Yahoo! Together was a freeware and cross-platform messaging service, developed by Yahoo! for the Android and iOS mobile platforms. The software was introduced in beta on May 8, 2018, as Yahoo! Squirrel to replace Yahoo! Messenger and Verizon Media's AOL Instant Messenger. In October 2018, it was renamed to its present name. Yahoo! Together was targeted to families and the consumer market rather than enterprise. The app was compared to Slack. Less than a year after its public beta release, Yahoo! Together went offline on April 4, 2019.
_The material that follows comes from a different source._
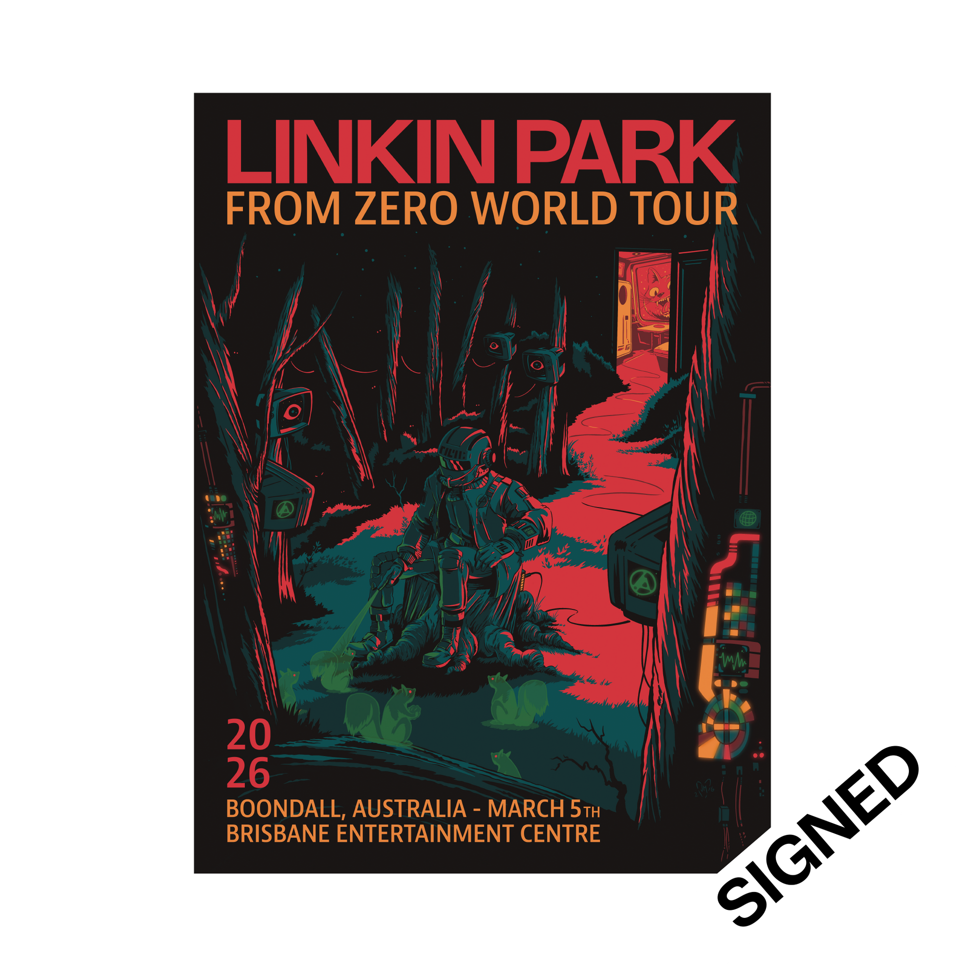 Linkin Park has commissioned artist Jeff McMillan to create artwork for a limited-edition poster for the 2026 From Zero World Tour stop in Boondall. Signed by the band, each hand-numbered print is limited to 10 copies and is printed on 18" x 24" heavy cold press cotton rag 300gsm paper with a deckle edge.

== Group conversations (Yahoo! Chat) ==

A screenshot of the Yahoo! Chat service, c. 2000

Yahoo! Messenger allowed private group conversations. Yahoo! Chat was a free online chat room service provided exclusively for Yahoo! users. Yahoo! Chat was first launched on January 7, 1997. Yahoo! Chat was a separate vertical on Yahoo!. On March 9, 1998, the first public version of Yahoo! Pager was released, with Yahoo! Chat among its features. It allowed users to create public chat rooms, send private messages, and use emoticons.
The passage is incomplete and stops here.